Known for being a seatown in Ireland, Cobh also has many walls with art in public spaces. This public art is all over the island and raises awareness not just to the town’s artistic taste but more importantly to it’s cultural identity. Locals would likely recognize many of these murals and visitors are always welcome to view them.
The selection of murals on this post is my personal choice only and ranges from Cobh’s historical significance to personalities and the town’s love and propensity for fun colors.
First in hand is a historical mural presented in a 58 metre long and 1.7 metre high wall. The sepia picture below shows a focal point of bandstand in the Promenade and is just one of many important events that shape Cobh to its present state. It is a project of Cobh Tidy Towns and is drawn by Neil O’Dwyer. As you approach the mural, it is a good basis for visitors to get to know “why they should take the time to explore the town”.
Another notable event in Cobh history is the departure of Annie Moore and her siblings as the first immigrant to be registered on the Ellis Island immigration station in New York Harbor. This colorful depiction is captured on the walls of St Colman Park, home of Cobh Ramblers FC.
This giant Titanic Anniversary mural in Westbourne Place is an epic tribute to the victims and survivors of the White Star Liner ship. Many would know that Cobh was the last port of call of the Titanic and that the town has a memorial in honor of the 123 passengers who boarded here in Cobh.
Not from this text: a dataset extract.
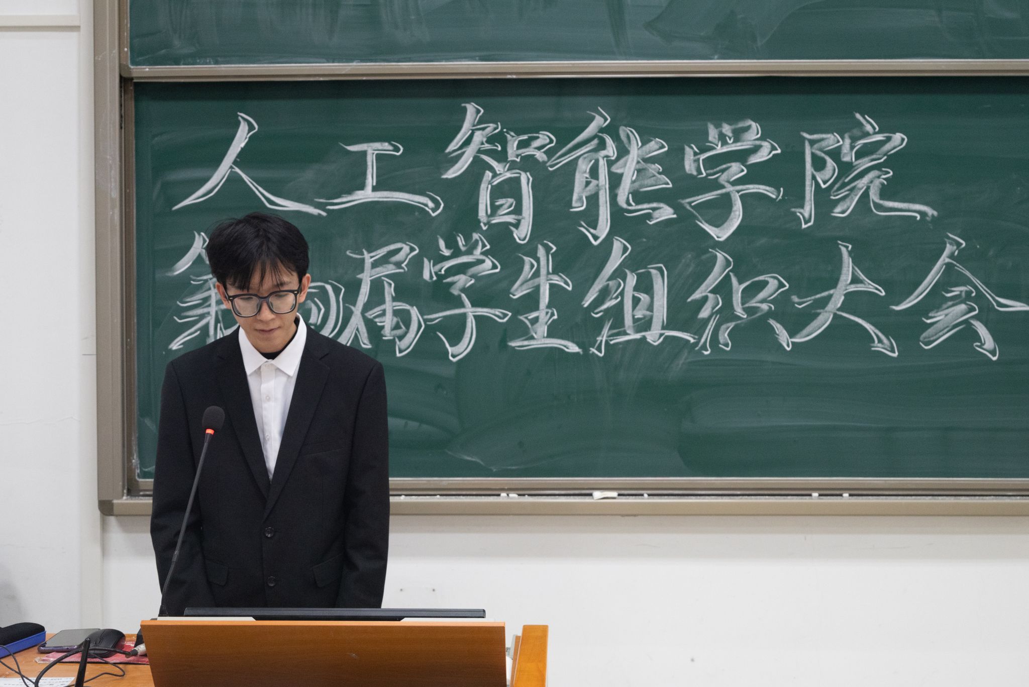 议程第三项,章棋、封筱、李洪、于佳琪及湛斌依次宣读了新一届学生干部任用名单。庄严的氛围使学生干部愈发感受到自身的责任感和使命感。

Credit to Jack Hickey and Cobh Tidy Towns for this magnanimous wall art.
Also on the walls of St Colman Park is St Colman himself and the mighty cathedral named after him. Color is unarguably one of themes on this stretch of wall, very recognizable are the cute crayon houses of Cobh and the star-shape fortress of Spike Island.
Jack Doyle, a Cobh local who goes on to explore the world of boxing, acting and singing (soprano), had a colorful life to put it mildly. His rise to fame is often overshadowed by his notoriety. After dying of liver cirrhosis in London, his remains was brought back in Cobh and was buried in the Old Church Cemetery. This centenary mural was also painted by Jack Hickey and was a Cobh Tidy Towns initiative.
Walking on the Cork Harbour waterfront is more inviting when you come across this leafy and floral (or however you interpret it) explosion of colours. Just as there are many glorious flavours of gelato, this mural by Alan Hurley is on the wall of Scoops Ice cream shop.
At the end of Casement Square, the distinctive mural “The Monument Bar” is an ode to the Irish love of their pubs. Beautifuly done in black and white, this is also a throwback to Cobh’s early 20th century pub life.
Picture below is three out of six species of Irish butteflies muralized at the Five Foot Way by the waterfront. The 65 feet Butterfly wall highlights Ireland’s fauna biodiversity and is painted with permission from the Irish Rail. A popular photo location, people get their pic and their wings here.
A mural in Cobh is not complete without the iconic Deck of Cards. Set at hilly Lower Midleton Street. this street art is another shot at the past on a setting that hasn’t changed for years. If you are at West View, why not walk across to the next street and snap a photo of this another Alan Hurley work of art.
Many of these murals are walkable from the Town Centre and are painted near Cobh’s landmarks so if you plan your walk accordingly, you would be able to hit many of these beauties.